ABSTRACT

This chapter introduces some of the scholarly contributions that have shaped sustainability’s definition. The purpose of this chapter is to highlight several of the major ideas that have added to the sustainability discussion. Environmental professionals, governments, companies, and NGOs develop and adopt approaches, methods, or concepts in the name of being more sustainable. Scholars use these material outcomes to develop research meant to determine whether in fact they have the potential to sustain our world for future generations or whether new ideas are needed to achieve sustainability.
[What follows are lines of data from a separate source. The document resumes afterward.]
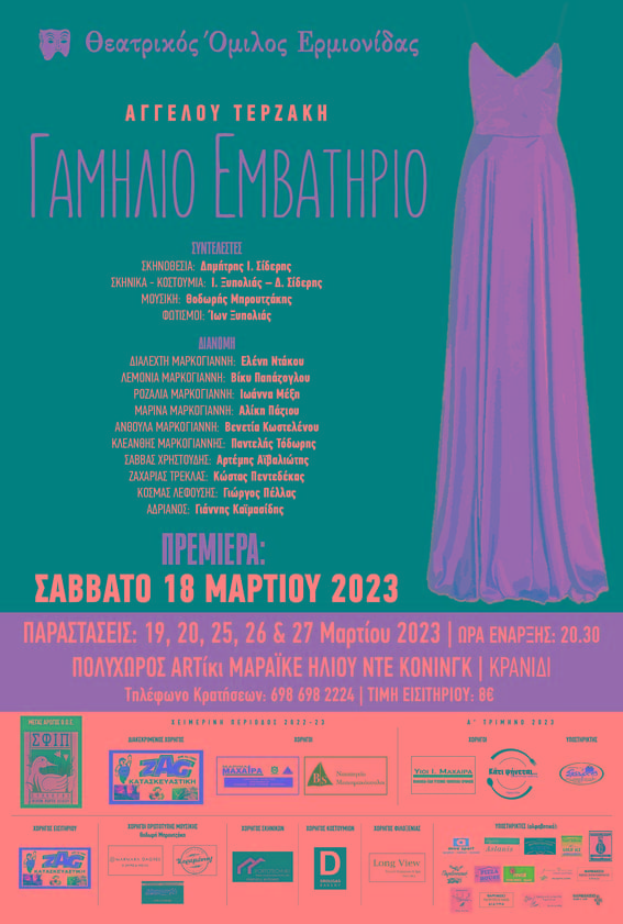Ο Θεατρικός Όμιλος Ερμιονίδας, συνεχίζοντας δυναμικά την παρουσία του στη θεατρική σκηνή και αυτή τη χρονιά με τη νέα του παραγωγή «Γαμήλιο Εμβατήριο» του Άγγελου Τερζάκη, σας προσκαλεί στο Θέατρο ΑΡΤΙΚΙ για τρείς ακόμη παραστάσεις, το τριήμερο 25, 26 & 27 Μαρτίου 2023
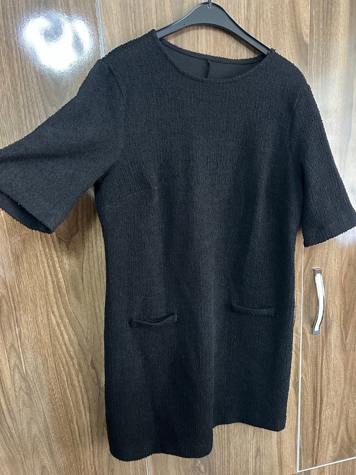 Gri renkte, yuvarlak yakalı ve kısa kollu triko midi elbise. Rahat kesimli, iki küçük ön cepli ve yumuşak sentetik kumaştan üretilmiştir. Günlük kullanım için uygundur.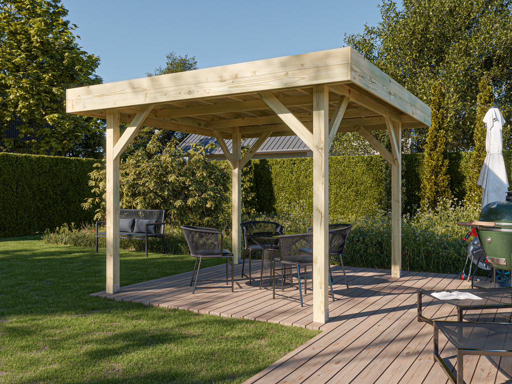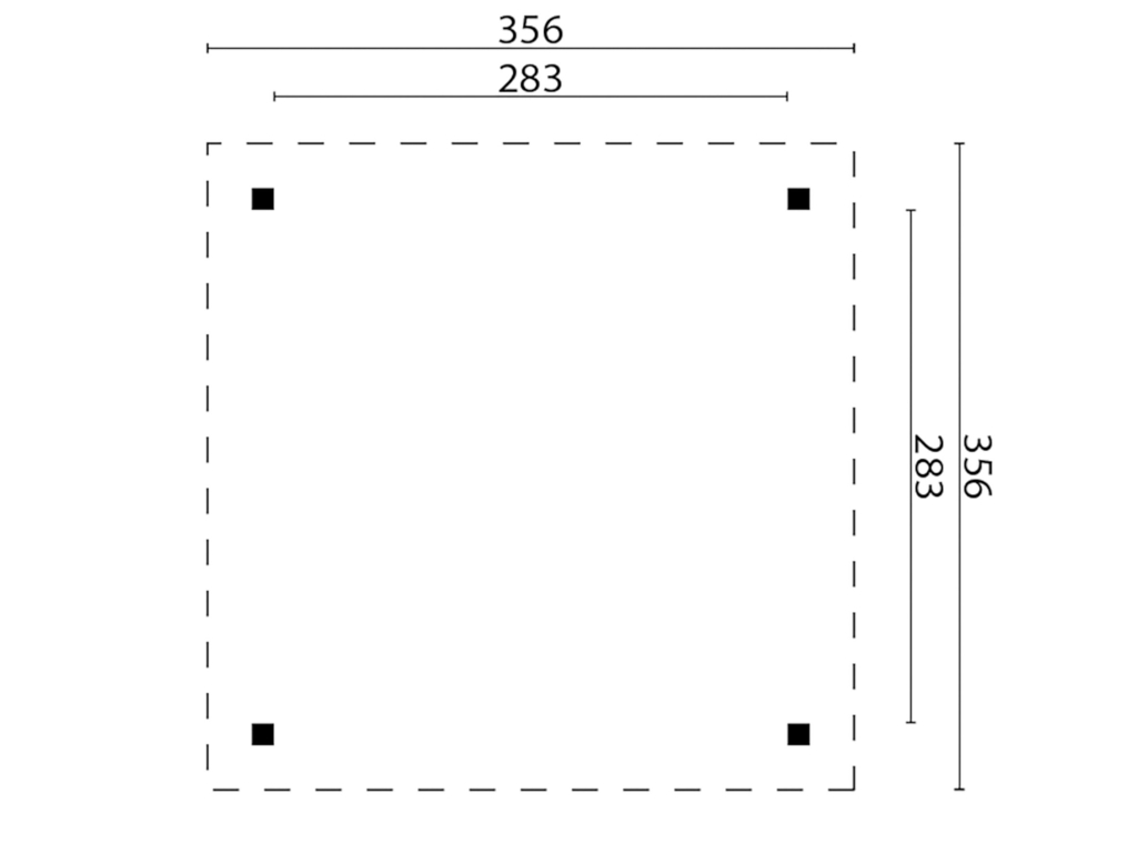 | Dimensions extérieures avec débord de toit (l x P): | 356 x 356 cm |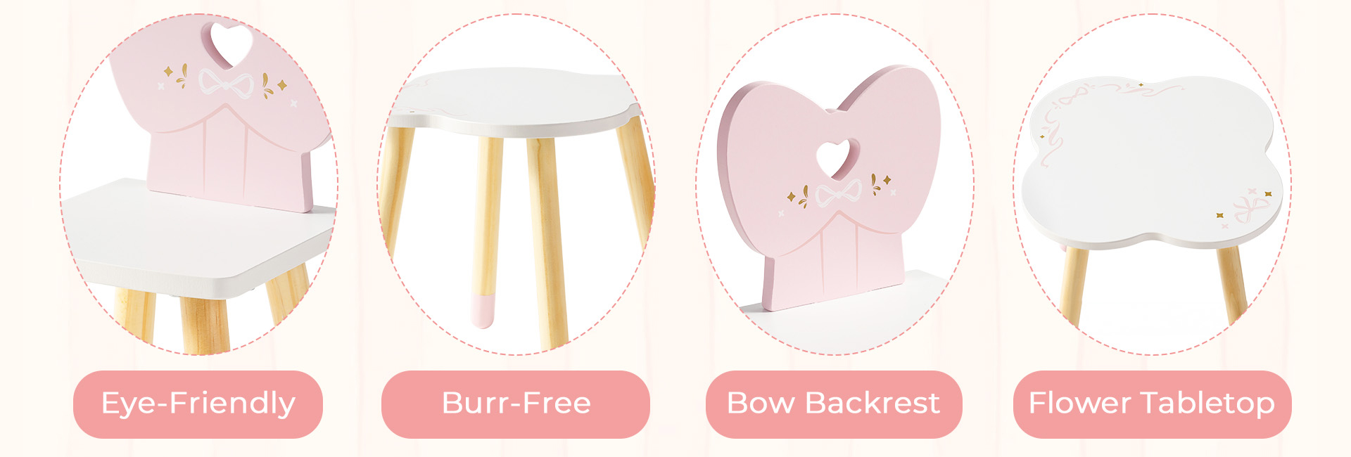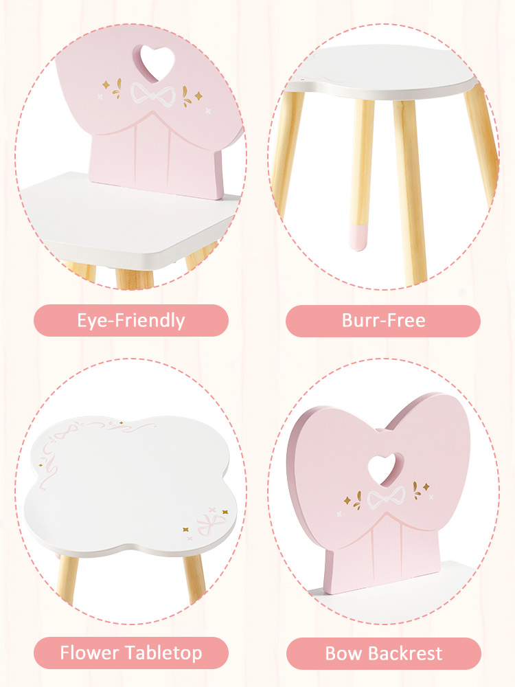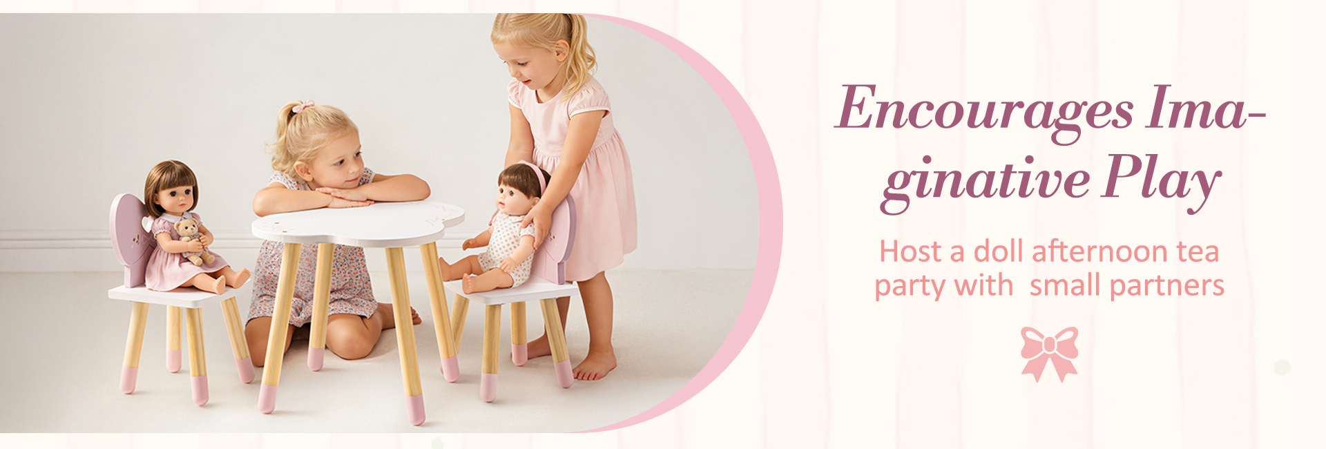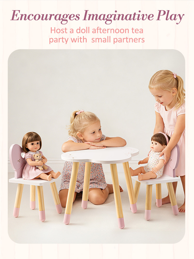 🌷Verspieltes Design für den Charme des Spielzimmers: Die Schleifen-Herz-Stühle und der wolkenförmige Tisch verleihen jedem Spielzimmer einen märchenhaften Touch. Die sanfte rosa-weiße Farbgebung passt perfekt zu Puppenzubehör und macht es zu einer stilvollen Ergänzung für Rollenspiel-Setups.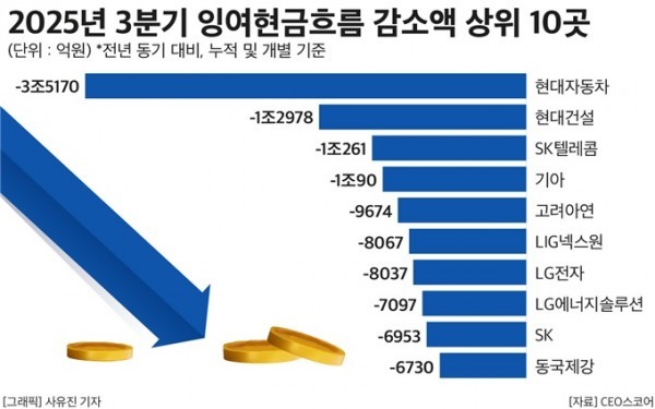 감소폭은 현대자동차가 가장 컸다. 현대차는 미국과의 관세 협정 지연 영향으로 영업활동 현금흐름이 36.0% 줄었고, 자본적 지출은 6.0% 늘었다. 잉여현금흐름은 4조8821억원에서 1조3651억원으로 3조5170억원 감소했다. 이어 현대건설(▼1조2978억원), SK텔레콤(▼1조261억원), 기아(▼1조90억원), 고려아연(▼9674억원), LIG넥스원(▼8067억원), LG전자(▼8037억원), LG에너지솔루션(▼7097억원), SK(▼6953억원), 동국제강(▼6730억원)이 뒤를 이었다.

It is primarily within the academy that ideas are developed, questioned, and tested. These understandings in turn influence and inform practitioners, creating a give-and-take relationship between the two. The academy has in this fashion influenced the concept of sustainable development and helped define sustainability. Our aim here is to introduce some of the more influential and popular ideas that have taken hold outside of the academy as well as within it. The term sustainability is multidisciplinary in both its use and its interpretation. Different disciplines have offered concepts and models that refine, add to, and/or reshape the basic Brundtland definition of sustainability, but this also contributes to the challenge of extreme breadth that we have mentioned in previous chapters. Perspectives from the fields of the natural sciences (notably biological sciences), economics, political science, sociology, psychology, and anthropology are examined.